Application of Hyperspectral Imagery to Decision Tree Classifier for Assessment of Spring Potato (Solanum tuberosum) Damage by Salinity and Drought  

Kang, Kyeong-Suk (Department of Agro-System Engineering, GyeongSang National University (Institute of Agriculture & Life Science))
Ryu, Chan-Seok (Department of Agro-System Engineering, GyeongSang National University (Institute of Agriculture & Life Science))
Jang, Si-Hyeong (Department of Agro-System Engineering, GyeongSang National University (Institute of Agriculture & Life Science))

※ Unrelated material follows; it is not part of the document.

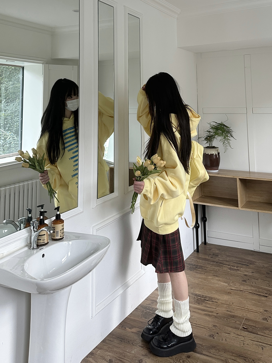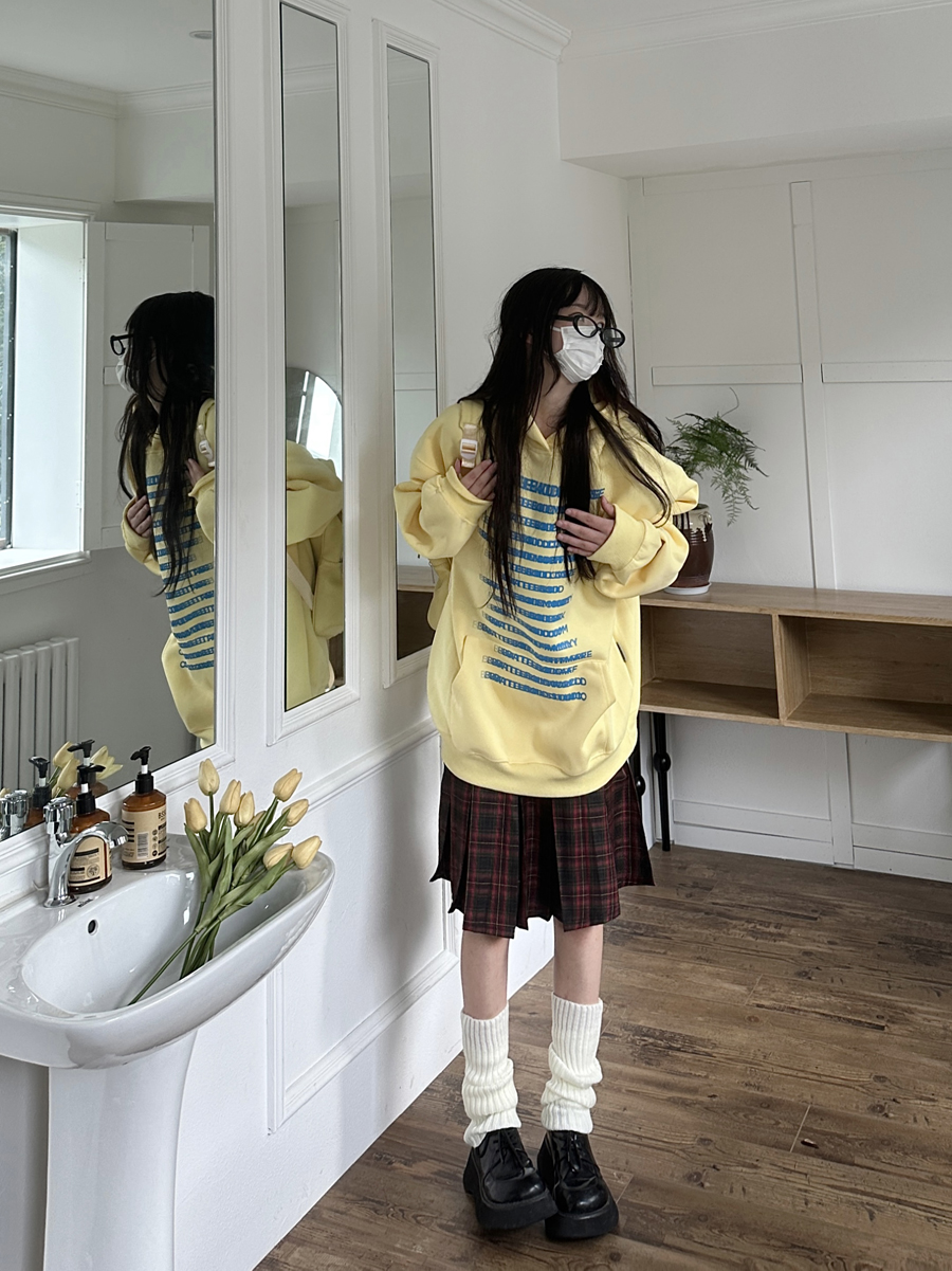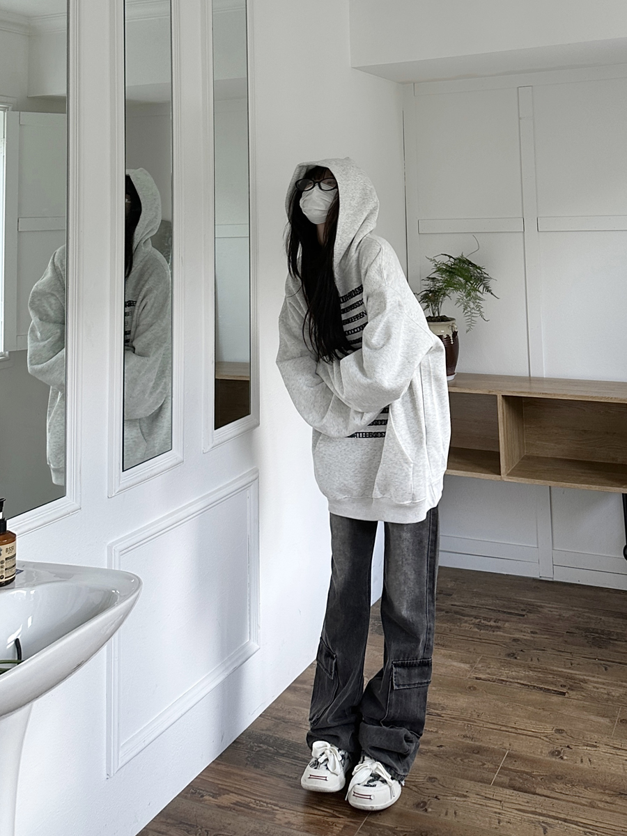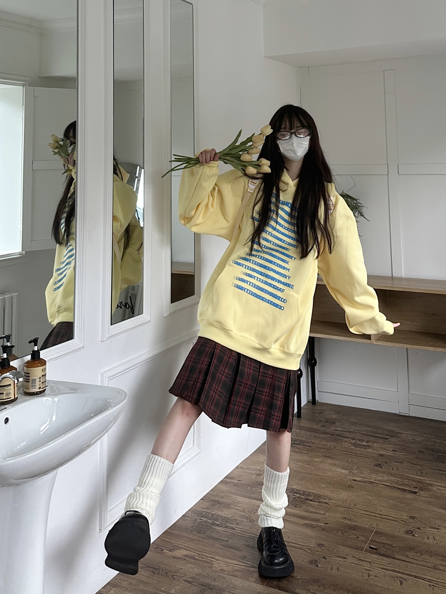 咖哩人原創自制字母印花多色連帽運動衫寬鬆休閒男女情侶慵懶上衣bf

Kang, Ye-Seong (Department of Agro-System Engineering, GyeongSang National University (Institute of Agriculture & Life Science))
Jun, Sae-Rom (Department of Agro-System Engineering, GyeongSang National University (Institute of Agriculture & Life Science))
Park, Jun-Woo (Department of Agro-System Engineering, GyeongSang National University (Institute of Agriculture & Life Science))
Song, Hye-Young (Department of Agro-System Engineering, GyeongSang National University (Institute of Agriculture & Life Science))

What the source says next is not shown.